→ TASK BRIEF: Would you give the listing again exactly, without its images?

→ GIVEN MATERIAL:

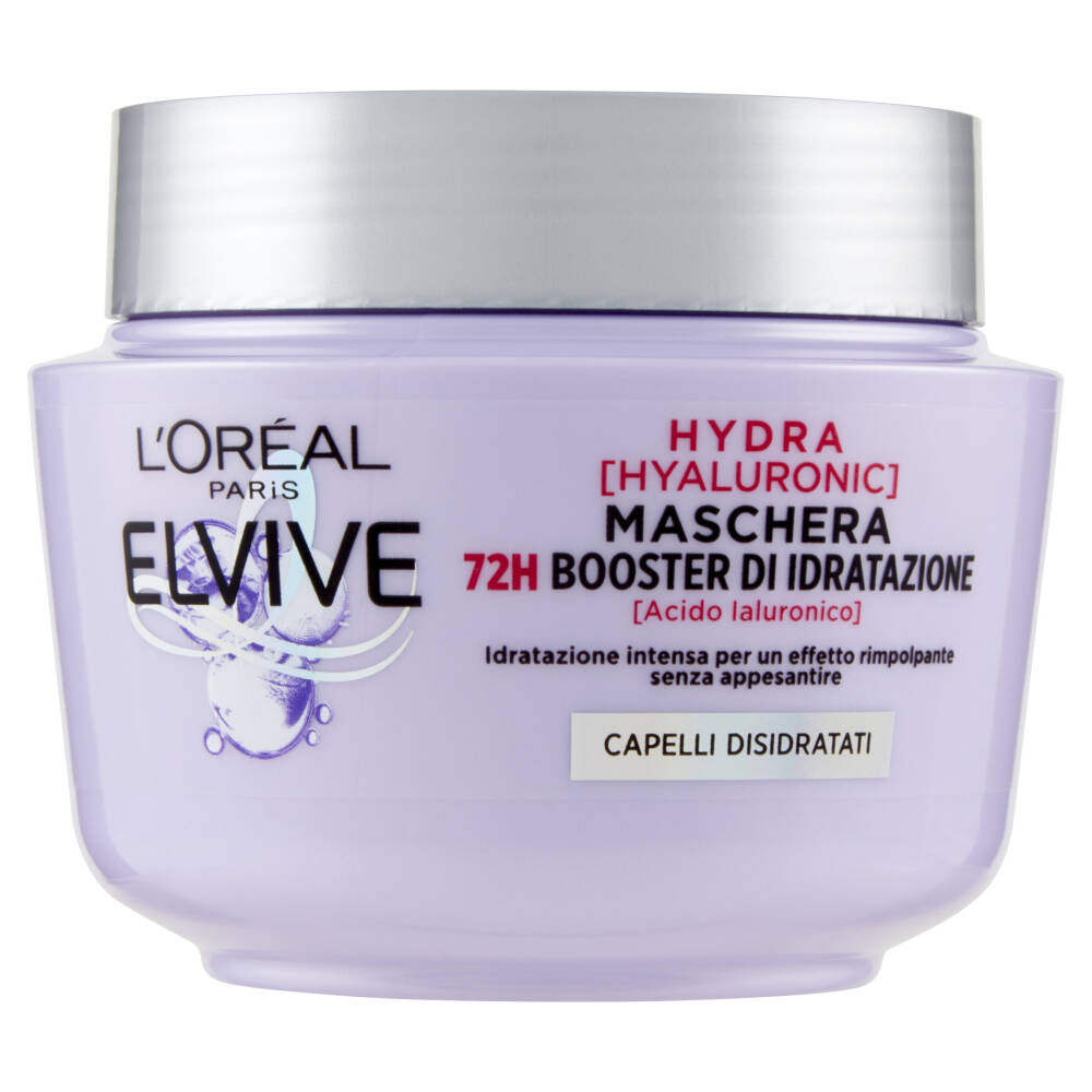 La nostra Maschera 72H Booster di Idratazione: Dona un'intensa e avvolgente idratazione, lasciando i capelli rimpolpati e 10 volte più idratati per 72H*, senza appesantirli. Con Acido Ialuronico, un attivo noto per trattenere efficacemente molecole di acqua.
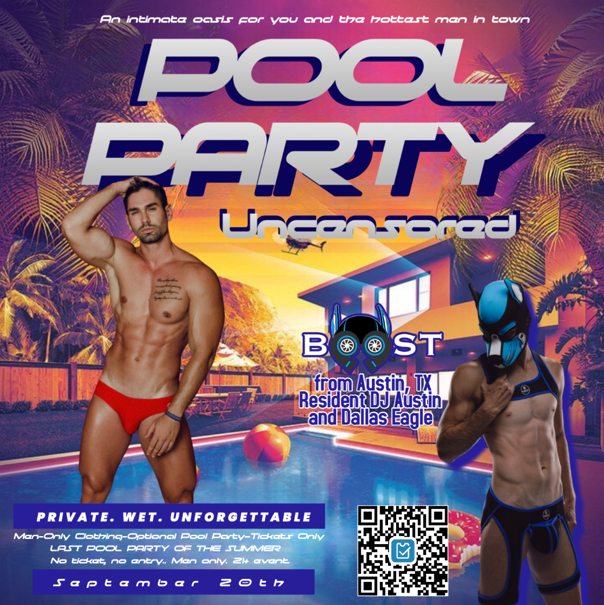 Dive into the most exclusive, seductive, and unforgettable pool party of the year. This man-only, clothing-optional event is your invitation to an intimate oasis filled with the hottest men in town, good vibes, and summer’s sexiest energy.
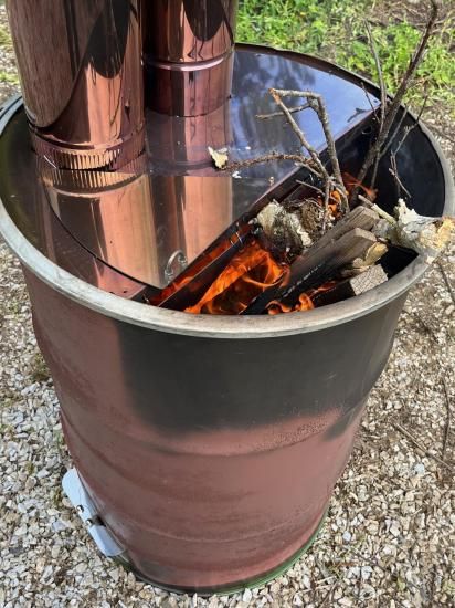 ロケットストーブの燃え方をわかっている玄人のみ/素人は手出し無用

→ RESULT OF THE EXERCISE:
 La nostra Maschera 72H Booster di Idratazione: Dona un'intensa e avvolgente idratazione, lasciando i capelli rimpolpati e 10 volte più idratati per 72H*, senza appesantirli. Con Acido Ialuronico, un attivo noto per trattenere efficacemente molecole di acqua.
 Dive into the most exclusive, seductive, and unforgettable pool party of the year. This man-only, clothing-optional event is your invitation to an intimate oasis filled with the hottest men in town, good vibes, and summer’s sexiest energy.
 ロケットストーブの燃え方をわかっている玄人のみ/素人は手出し無用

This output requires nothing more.